** What you will do **
Could you reproduce, from the records below, everything from the line with "Prêt à jouer" down to the line with "At Fair Oaks", keeping both of those lines and changing nothing?

** Record excerpts **
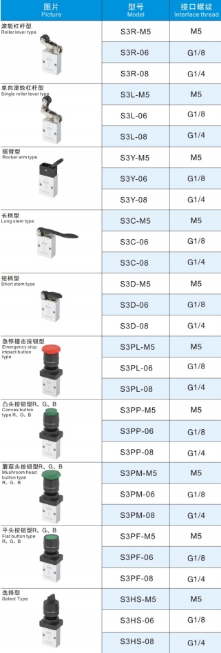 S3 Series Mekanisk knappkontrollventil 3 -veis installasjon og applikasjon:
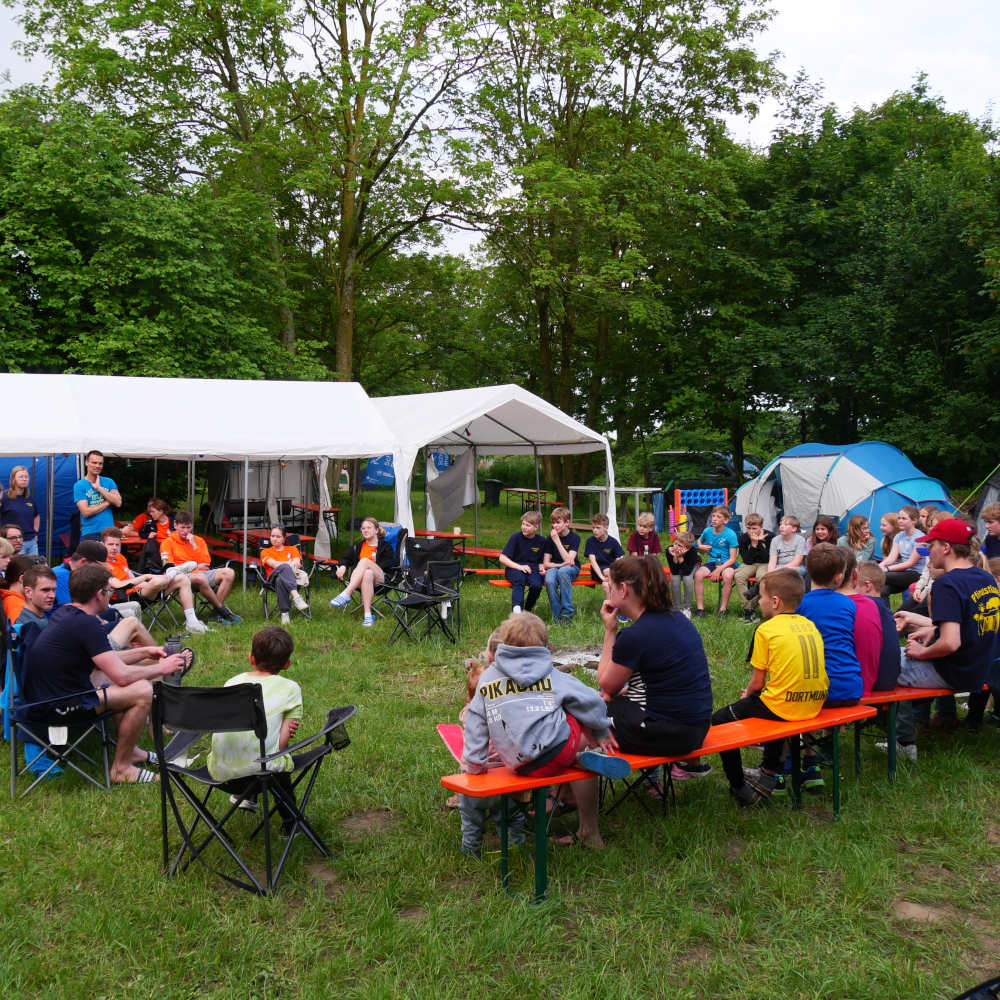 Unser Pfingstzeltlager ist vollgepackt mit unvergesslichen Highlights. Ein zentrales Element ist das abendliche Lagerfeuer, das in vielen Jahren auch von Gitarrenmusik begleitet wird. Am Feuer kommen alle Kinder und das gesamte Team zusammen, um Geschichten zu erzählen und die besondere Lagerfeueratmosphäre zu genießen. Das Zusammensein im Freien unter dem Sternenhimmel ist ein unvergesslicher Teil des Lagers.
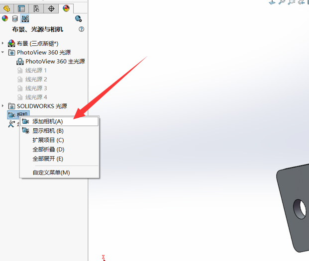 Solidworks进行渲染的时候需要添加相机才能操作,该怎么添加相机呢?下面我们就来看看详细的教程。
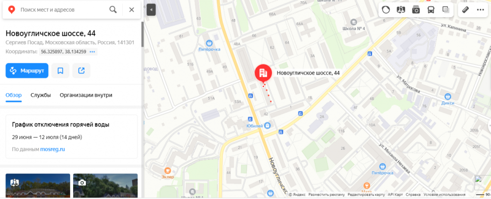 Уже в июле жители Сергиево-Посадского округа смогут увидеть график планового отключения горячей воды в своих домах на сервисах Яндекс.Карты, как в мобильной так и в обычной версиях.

--

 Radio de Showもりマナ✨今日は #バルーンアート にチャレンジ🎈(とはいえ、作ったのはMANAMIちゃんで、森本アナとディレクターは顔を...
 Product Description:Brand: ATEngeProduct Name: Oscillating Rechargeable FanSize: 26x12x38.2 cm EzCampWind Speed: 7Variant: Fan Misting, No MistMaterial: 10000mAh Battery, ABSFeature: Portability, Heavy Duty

...

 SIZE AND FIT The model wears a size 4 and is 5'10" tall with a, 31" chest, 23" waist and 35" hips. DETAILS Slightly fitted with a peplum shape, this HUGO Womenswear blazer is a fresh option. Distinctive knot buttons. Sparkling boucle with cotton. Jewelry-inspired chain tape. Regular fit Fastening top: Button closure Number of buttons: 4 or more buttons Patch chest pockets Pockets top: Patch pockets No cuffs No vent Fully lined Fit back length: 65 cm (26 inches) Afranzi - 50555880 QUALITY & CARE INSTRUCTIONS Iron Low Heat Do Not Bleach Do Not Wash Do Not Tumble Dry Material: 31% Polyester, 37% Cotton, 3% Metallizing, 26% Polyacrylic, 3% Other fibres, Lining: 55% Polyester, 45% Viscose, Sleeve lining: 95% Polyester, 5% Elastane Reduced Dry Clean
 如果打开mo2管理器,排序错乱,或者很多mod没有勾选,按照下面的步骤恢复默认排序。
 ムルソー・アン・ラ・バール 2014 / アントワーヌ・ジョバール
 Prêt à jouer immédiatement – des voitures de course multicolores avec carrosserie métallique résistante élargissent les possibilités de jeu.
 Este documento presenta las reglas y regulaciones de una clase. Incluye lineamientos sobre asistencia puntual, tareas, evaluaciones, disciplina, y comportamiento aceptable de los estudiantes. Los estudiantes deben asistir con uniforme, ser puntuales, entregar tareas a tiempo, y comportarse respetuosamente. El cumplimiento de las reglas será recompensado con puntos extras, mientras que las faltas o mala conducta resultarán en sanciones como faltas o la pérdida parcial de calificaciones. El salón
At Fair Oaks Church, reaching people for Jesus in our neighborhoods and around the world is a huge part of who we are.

** Expected answer **
 Prêt à jouer immédiatement – des voitures de course multicolores avec carrosserie métallique résistante élargissent les possibilités de jeu.
 Este documento presenta las reglas y regulaciones de una clase. Incluye lineamientos sobre asistencia puntual, tareas, evaluaciones, disciplina, y comportamiento aceptable de los estudiantes. Los estudiantes deben asistir con uniforme, ser puntuales, entregar tareas a tiempo, y comportarse respetuosamente. El cumplimiento de las reglas será recompensado con puntos extras, mientras que las faltas o mala conducta resultarán en sanciones como faltas o la pérdida parcial de calificaciones. El salón
At Fair Oaks Church, reaching people for Jesus in our neighborhoods and around the world is a huge part of who we are.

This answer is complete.